# [PROBLEM DETAILS]
Where the line with "近日,第十一届国际高校BIM" appears below, start writing out lines exactly, and finish with the line with "Diese 230 Volt", which is included; write out nothing else.

# [SOURCE MATERIAL]

--- START ---

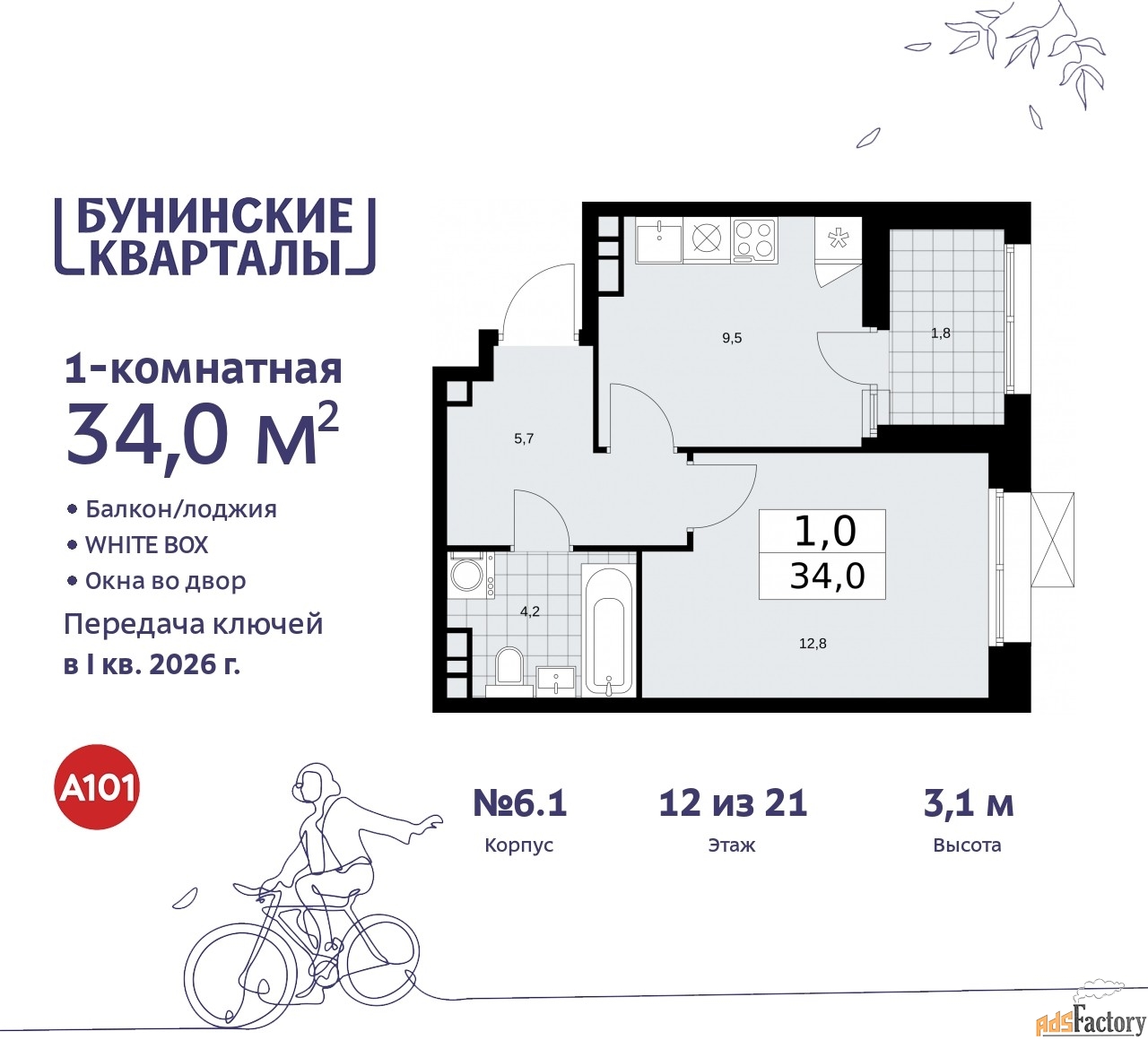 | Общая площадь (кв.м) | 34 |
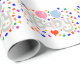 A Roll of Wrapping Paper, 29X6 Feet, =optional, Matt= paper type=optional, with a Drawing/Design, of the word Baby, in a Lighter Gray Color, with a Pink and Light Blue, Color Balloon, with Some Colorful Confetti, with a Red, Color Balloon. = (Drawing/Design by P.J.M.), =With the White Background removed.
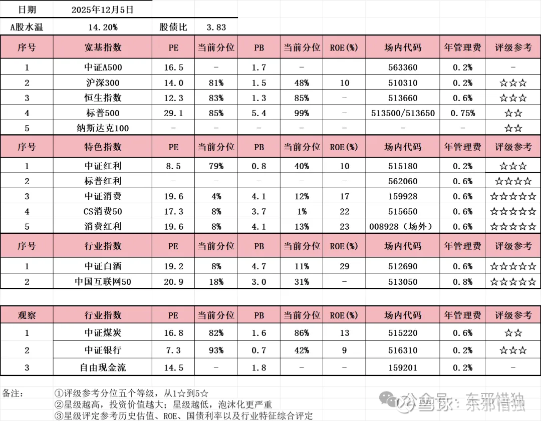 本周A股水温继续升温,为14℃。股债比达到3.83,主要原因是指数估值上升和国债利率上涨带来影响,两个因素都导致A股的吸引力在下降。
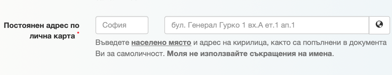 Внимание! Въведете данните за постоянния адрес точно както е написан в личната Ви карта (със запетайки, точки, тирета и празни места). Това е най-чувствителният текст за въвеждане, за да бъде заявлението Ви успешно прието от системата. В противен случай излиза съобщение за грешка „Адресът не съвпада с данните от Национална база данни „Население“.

--- END ---
--- START ---

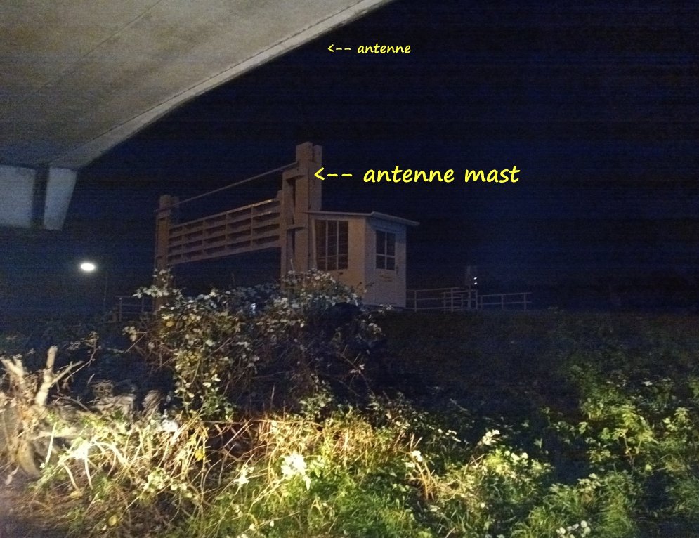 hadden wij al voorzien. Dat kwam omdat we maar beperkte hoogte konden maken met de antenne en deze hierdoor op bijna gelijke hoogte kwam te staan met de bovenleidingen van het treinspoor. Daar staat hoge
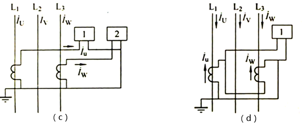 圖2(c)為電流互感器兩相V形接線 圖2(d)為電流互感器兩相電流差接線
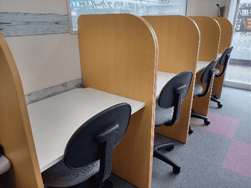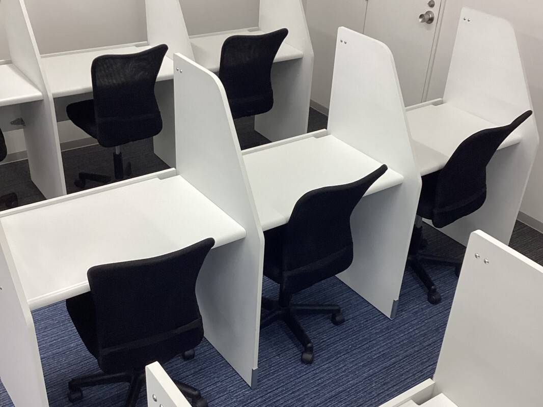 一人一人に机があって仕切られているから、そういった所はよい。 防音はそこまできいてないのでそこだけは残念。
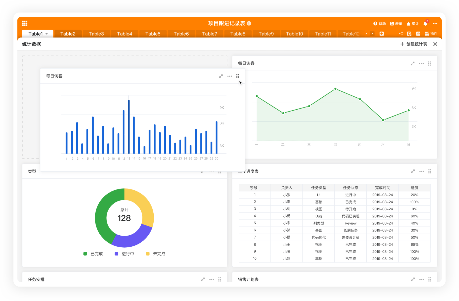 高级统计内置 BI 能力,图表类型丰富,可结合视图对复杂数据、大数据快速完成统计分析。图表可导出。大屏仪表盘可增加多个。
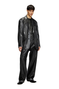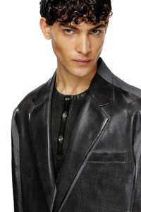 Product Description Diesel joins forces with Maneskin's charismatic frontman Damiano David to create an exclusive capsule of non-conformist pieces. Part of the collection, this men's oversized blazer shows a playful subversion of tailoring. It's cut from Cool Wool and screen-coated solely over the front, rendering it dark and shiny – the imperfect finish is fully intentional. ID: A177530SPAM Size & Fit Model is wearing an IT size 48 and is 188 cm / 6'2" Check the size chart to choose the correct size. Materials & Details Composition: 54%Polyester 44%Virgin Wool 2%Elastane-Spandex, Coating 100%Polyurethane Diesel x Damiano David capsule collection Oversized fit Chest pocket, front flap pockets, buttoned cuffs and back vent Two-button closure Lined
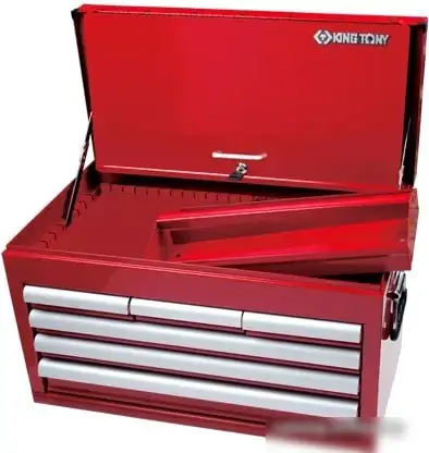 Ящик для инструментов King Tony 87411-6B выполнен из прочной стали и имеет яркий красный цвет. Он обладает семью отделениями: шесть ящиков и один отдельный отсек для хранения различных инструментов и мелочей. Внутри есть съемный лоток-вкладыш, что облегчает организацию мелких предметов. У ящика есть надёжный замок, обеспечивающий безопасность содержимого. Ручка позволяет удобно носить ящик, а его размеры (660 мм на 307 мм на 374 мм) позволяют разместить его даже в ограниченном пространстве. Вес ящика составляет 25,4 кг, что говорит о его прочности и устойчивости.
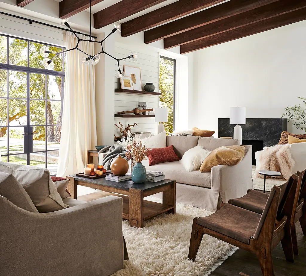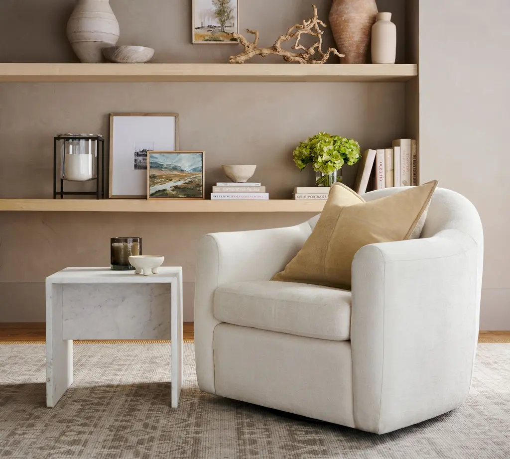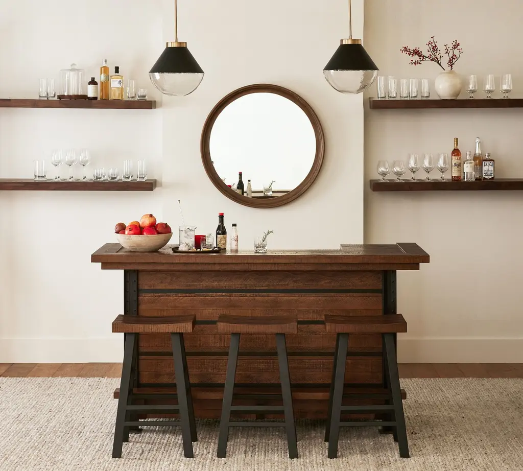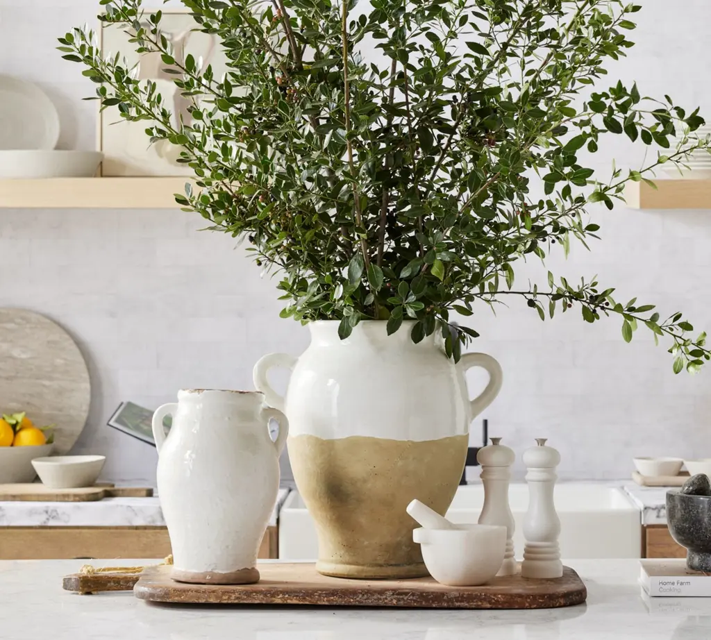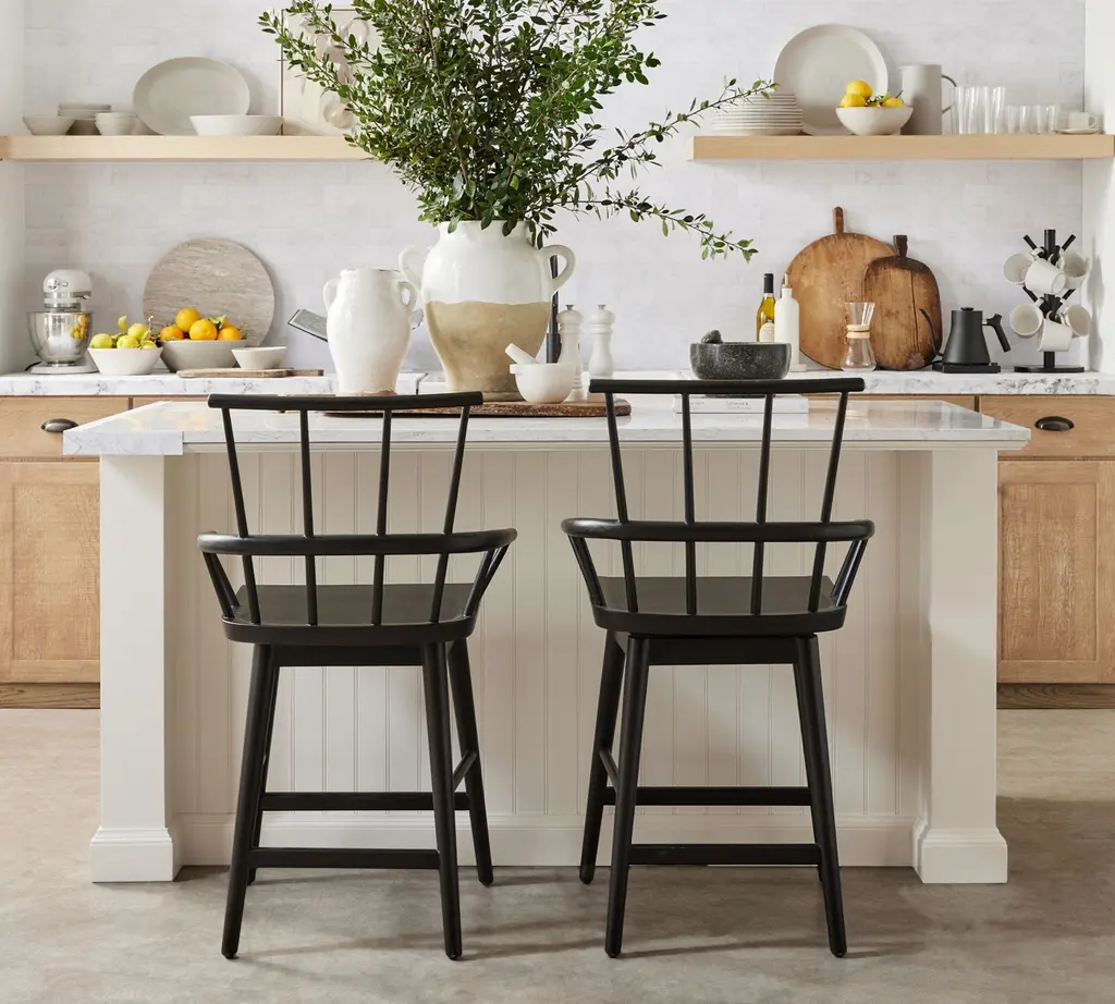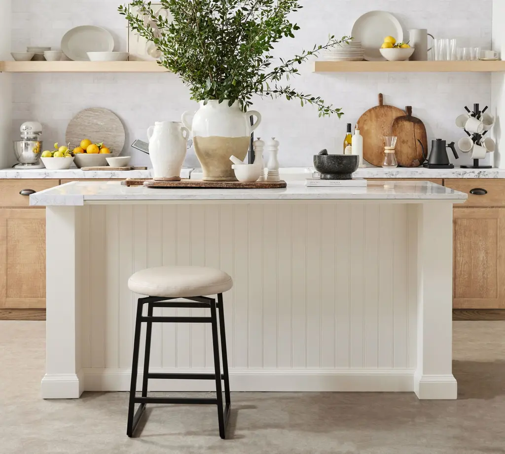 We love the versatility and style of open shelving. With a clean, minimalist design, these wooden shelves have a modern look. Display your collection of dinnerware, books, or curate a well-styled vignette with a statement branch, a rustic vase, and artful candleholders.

--- END ---
--- START ---

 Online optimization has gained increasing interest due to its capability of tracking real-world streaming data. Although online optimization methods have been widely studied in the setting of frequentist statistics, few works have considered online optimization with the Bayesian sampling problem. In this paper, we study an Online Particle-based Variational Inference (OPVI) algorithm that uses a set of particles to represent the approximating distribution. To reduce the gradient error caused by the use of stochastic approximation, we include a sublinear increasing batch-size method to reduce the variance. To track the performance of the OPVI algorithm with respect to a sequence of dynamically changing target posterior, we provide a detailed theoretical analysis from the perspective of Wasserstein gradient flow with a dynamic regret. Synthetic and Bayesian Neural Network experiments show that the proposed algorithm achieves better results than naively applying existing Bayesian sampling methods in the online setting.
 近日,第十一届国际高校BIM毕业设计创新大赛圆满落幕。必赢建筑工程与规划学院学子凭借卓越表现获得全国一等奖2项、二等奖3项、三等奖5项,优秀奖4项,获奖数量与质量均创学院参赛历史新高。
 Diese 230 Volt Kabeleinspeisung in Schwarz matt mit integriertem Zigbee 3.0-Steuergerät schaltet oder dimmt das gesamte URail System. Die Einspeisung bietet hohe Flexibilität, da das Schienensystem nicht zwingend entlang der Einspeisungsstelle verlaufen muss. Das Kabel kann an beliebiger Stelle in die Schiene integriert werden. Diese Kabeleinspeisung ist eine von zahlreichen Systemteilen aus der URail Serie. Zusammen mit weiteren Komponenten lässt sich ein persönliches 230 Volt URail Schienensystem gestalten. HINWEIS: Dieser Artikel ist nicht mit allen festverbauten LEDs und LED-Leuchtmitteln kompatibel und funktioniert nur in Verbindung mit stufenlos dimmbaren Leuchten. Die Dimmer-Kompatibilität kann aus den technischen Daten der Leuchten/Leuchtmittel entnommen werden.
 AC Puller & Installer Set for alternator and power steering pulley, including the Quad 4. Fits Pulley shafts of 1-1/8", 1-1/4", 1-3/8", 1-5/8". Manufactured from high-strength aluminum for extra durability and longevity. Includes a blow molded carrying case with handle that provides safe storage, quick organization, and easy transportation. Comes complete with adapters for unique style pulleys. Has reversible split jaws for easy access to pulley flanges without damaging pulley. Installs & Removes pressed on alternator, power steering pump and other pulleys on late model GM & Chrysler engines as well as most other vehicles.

--- END ---

# [SOLUTION]
 近日,第十一届国际高校BIM毕业设计创新大赛圆满落幕。必赢建筑工程与规划学院学子凭借卓越表现获得全国一等奖2项、二等奖3项、三等奖5项,优秀奖4项,获奖数量与质量均创学院参赛历史新高。
 Diese 230 Volt Kabeleinspeisung in Schwarz matt mit integriertem Zigbee 3.0-Steuergerät schaltet oder dimmt das gesamte URail System. Die Einspeisung bietet hohe Flexibilität, da das Schienensystem nicht zwingend entlang der Einspeisungsstelle verlaufen muss. Das Kabel kann an beliebiger Stelle in die Schiene integriert werden. Diese Kabeleinspeisung ist eine von zahlreichen Systemteilen aus der URail Serie. Zusammen mit weiteren Komponenten lässt sich ein persönliches 230 Volt URail Schienensystem gestalten. HINWEIS: Dieser Artikel ist nicht mit allen festverbauten LEDs und LED-Leuchtmitteln kompatibel und funktioniert nur in Verbindung mit stufenlos dimmbaren Leuchten. Die Dimmer-Kompatibilität kann aus den technischen Daten der Leuchten/Leuchtmittel entnommen werden.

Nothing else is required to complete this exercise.